All that is needed is the line containing "Optez pour Écharpe" and the lines after it to the end of the material, written out exactly, pictures left aside.

(INPUT DATA Opens)

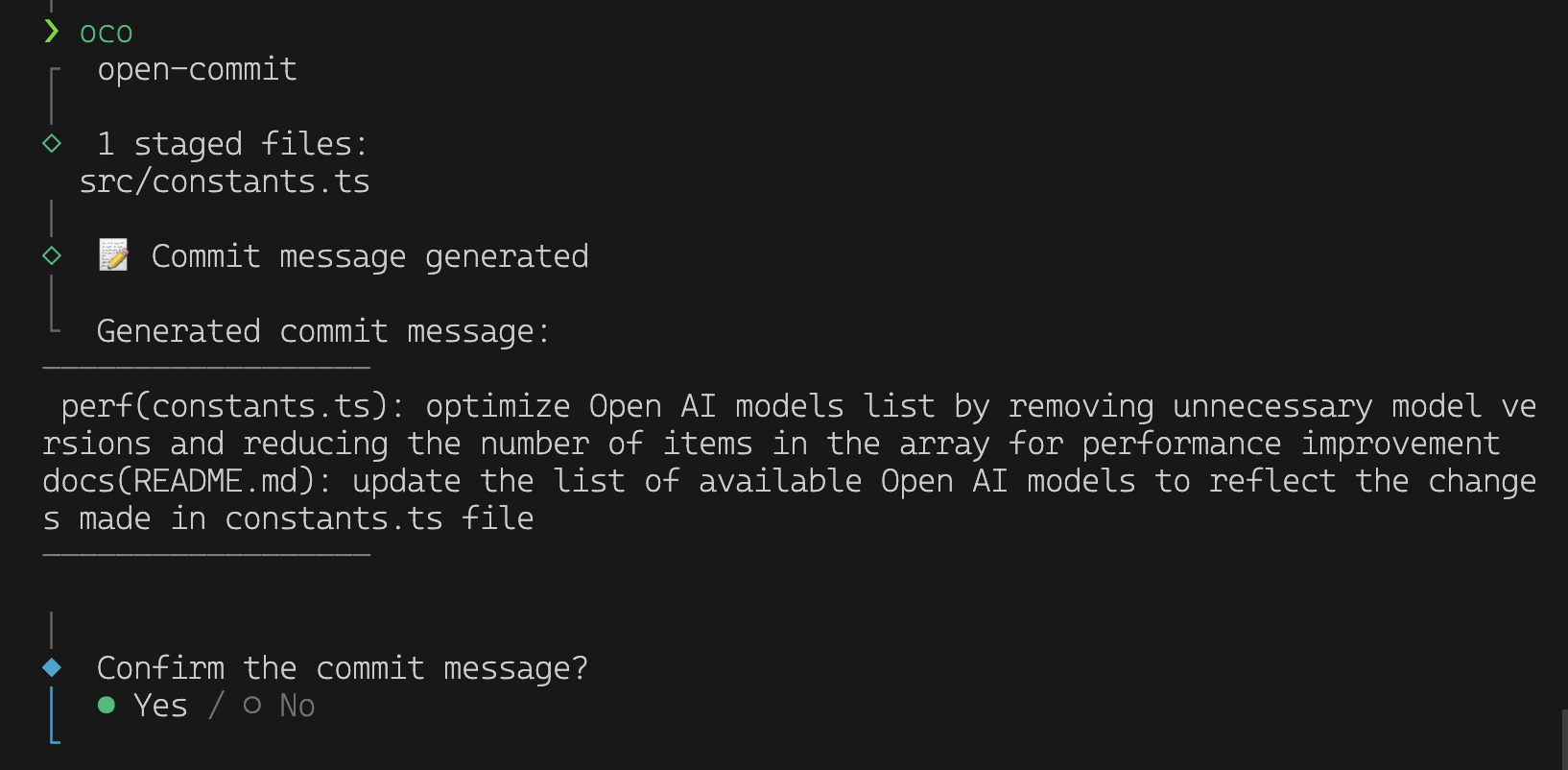 스테이징된 변경 사항에 대한 커밋 메시지를 생성하려면 git commit 대신 opencommit 명령어를 실행합니다.
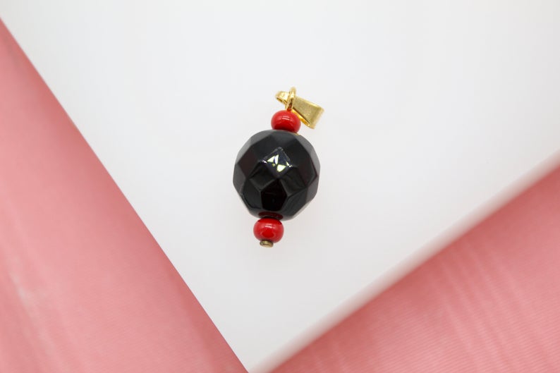 18K Gold Filled Azabache Pendant (A168)
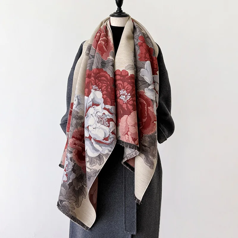 Optez pour Écharpe De Luxe Femme En Cachemire Florale Épais Et Chaud Design Châle
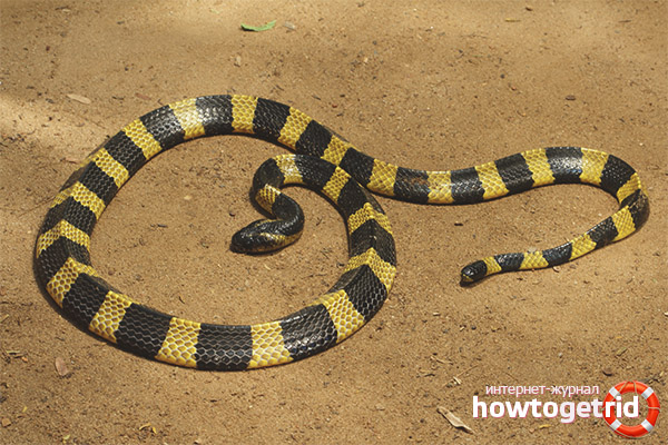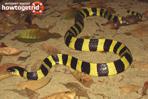 Tape krait est l'un des serpents les plus dangereux de la planète. Elle rampe dans la maison d'un homme et attaque la nuit. Krayt applique rapidement un grand nombre de piqûres et s'accroche fermement à la peau. Le poison du serpent est si dangereux que les grenouilles meurent quelques secondes après la morsure et les animaux plus gros - après 15 minutes. La mort humaine survient dans les 10 prochaines heures. 1 bouchée peut tuer environ 10 adultes.

(INPUT DATA Closes)

**ANSWER BOX**
 Optez pour Écharpe De Luxe Femme En Cachemire Florale Épais Et Chaud Design Châle
 Tape krait est l'un des serpents les plus dangereux de la planète. Elle rampe dans la maison d'un homme et attaque la nuit. Krayt applique rapidement un grand nombre de piqûres et s'accroche fermement à la peau. Le poison du serpent est si dangereux que les grenouilles meurent quelques secondes après la morsure et les animaux plus gros - après 15 minutes. La mort humaine survient dans les 10 prochaines heures. 1 bouchée peut tuer environ 10 adultes.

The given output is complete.